There are lots of other parents out there doing a similar thing, for a variety of reasons. And there are few that are dark enough to make me genuinely laugh. I religiously follow/stalk the few that do. Light stuff is fine and I think it appeals to more people, but it’s not what makes me tick. It needs to be a bit more dark and clever for me.

What is “success” or “successful” for you?
This question just gave me PTSD. I had a teacher in seventh grade who made us write a paper on “success” and he gave us no parameters.

In seventh grade, you have no idea what the hell “success” is or how to even go about defining it. Everyone flailed and failed. This same teacher used to put black paper over the clock and windows so we didn’t get distracted.
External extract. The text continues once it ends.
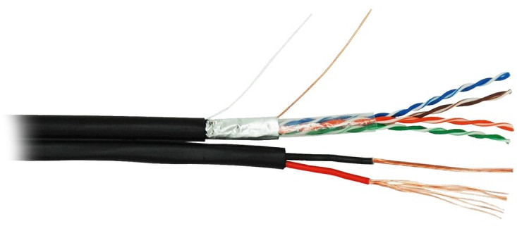 Четырехпарный кабель на основе витой пары, категории 5e применяется для организации высокоскоростных кабельных сегментов со скоростью передачи данных до 1 Гбит/c. Также может быть использован для передачи аналоговой информации, а так же имеет в своем составе кабель питания сечением 1,5 mm2, который возможно использовать для подключения к камерам видео наблюдения. Кабель EC-UF004-5E-PC150-PE-BK содержит 4 пары витых медных проводников и 1 пару медных проводников для кабеля питания, выполнен в экранированном исполнении, соответствует категории 5e и предназначен для внешней прокладки. Поставляется на фанерных барабанах, по 305м.
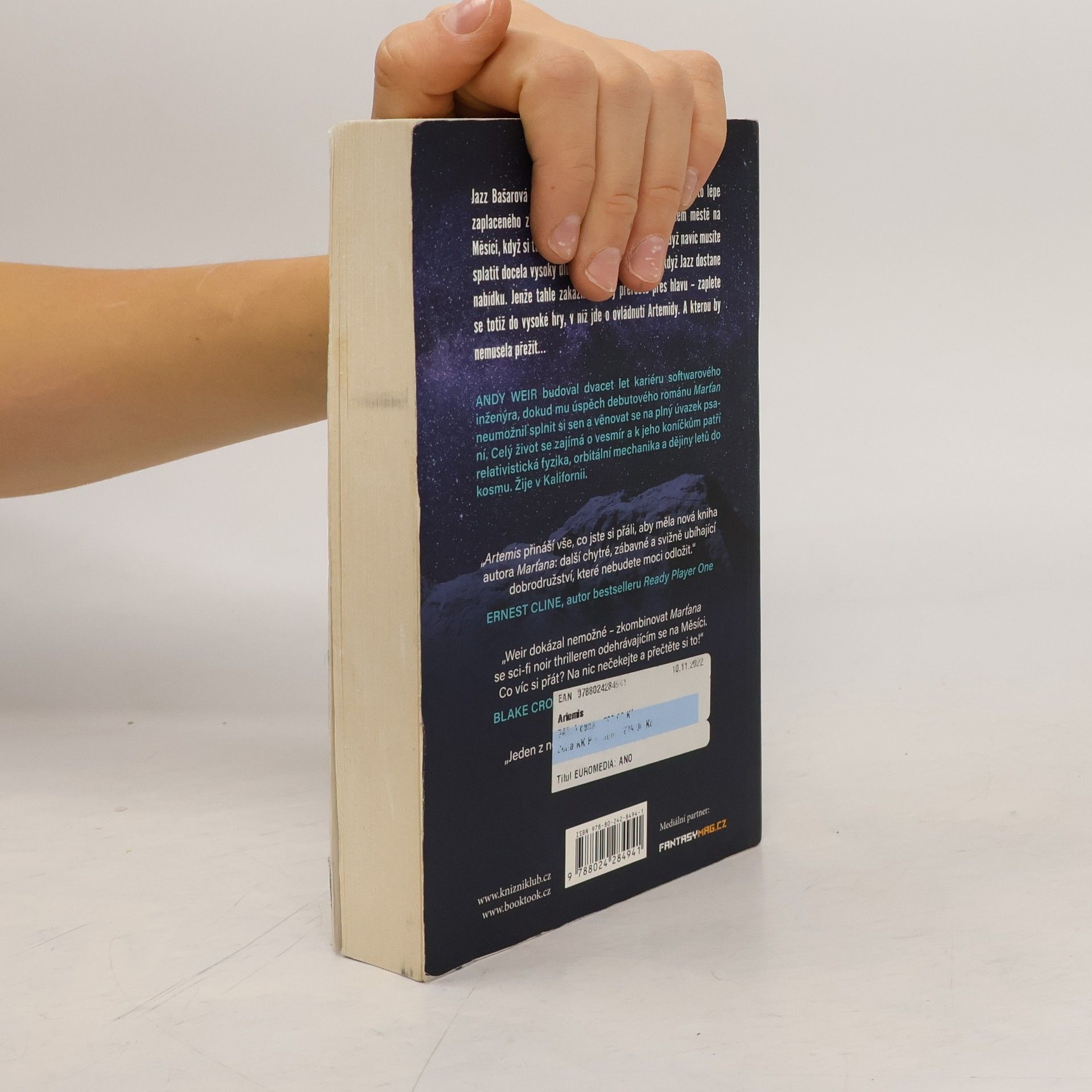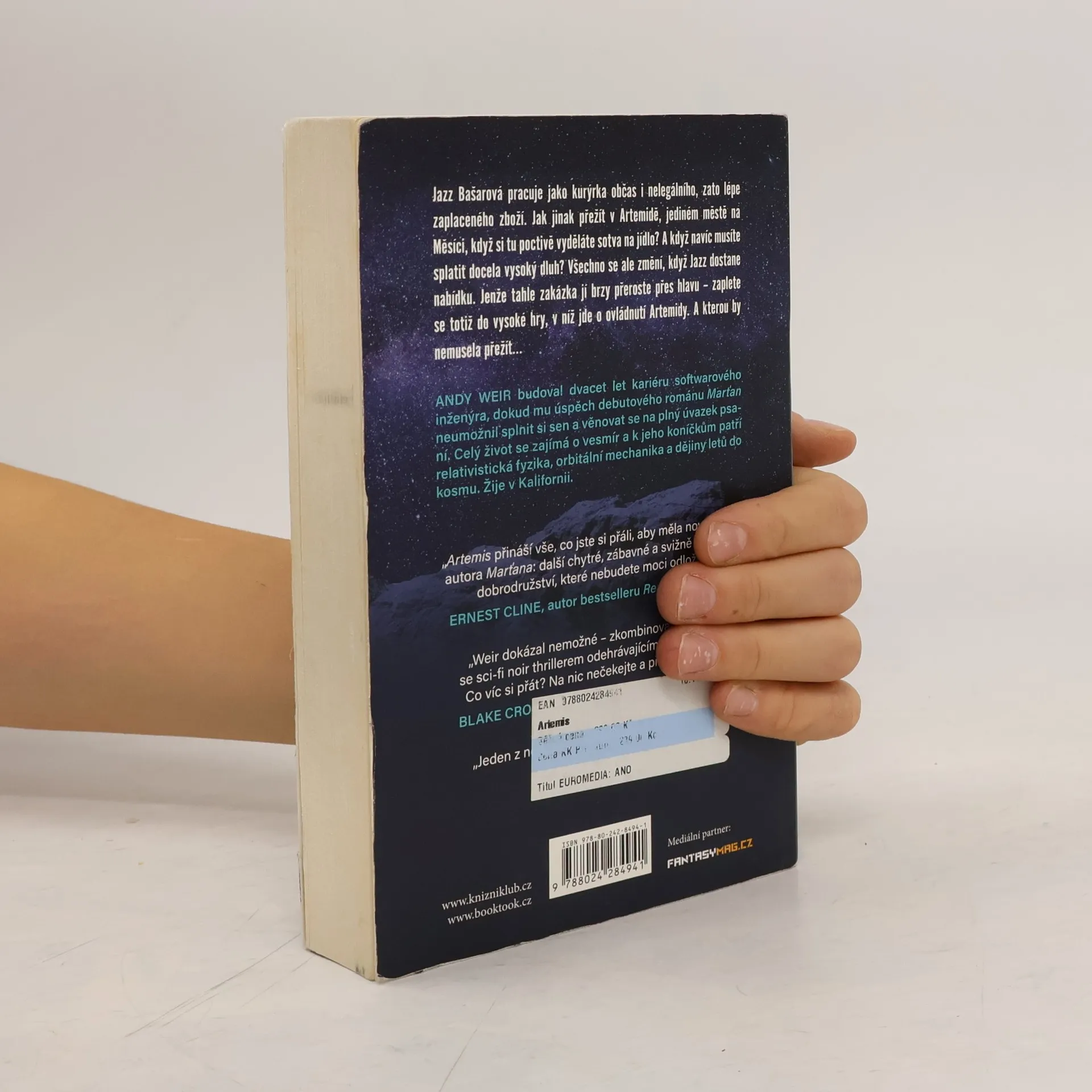 Autor celosvětového hitu Marťan se znovu hlásí o pozornost milionů čtenářů: tentokrát sci-fi thrillerem z blízké budoucnosti – napínavou noir kriminálkou odehrávající se na Měsíci. Jazz Bašarová pracuje jako kurýrka. Občas i nelegálního, čili pochopitelně lépe zaplaceného zboží. Jak jinak přežít v Artemidě, jediném městě na Měsíci, když nejste bohatý turista nebo výstřední milionář? Když si tu poctivě vyděláte sotva na jídlo? Když ani příležitostné pašování nestačí na slušnější bydlení? Všechno se ale změní v okamžiku, kdy Jazz dostane nabídku provést velkou věc. A to za odměnu tak závratnou, že se prostě neodmítá. Jenže tahle zakázka jí brzy přeroste přes hlavu – zaplete se totiž do vysoké hry, v níž jde o ovládnutí Artemidy. A kterou by nemusela přežít…

And here I am, almost thirty years later and I still don’t have a good answer for this. Granted, if I had a business that sold things, it would probably be more clear as profit would equal success, in some way. But for me right now, getting to express a part of my personality that wants to come through feels like a success. I have given so much of myself to my kids for so many years that getting to do something for me – even if it’s as silly as making a video about singing to Bruno Mars in the car during my 10 minutes of alone time – feels like a win. To have not lost my humor through this motherhood thing, and to still have that childlike desire to laugh feels like a success. Clearly, my parameters for success have lowered significantly since having children.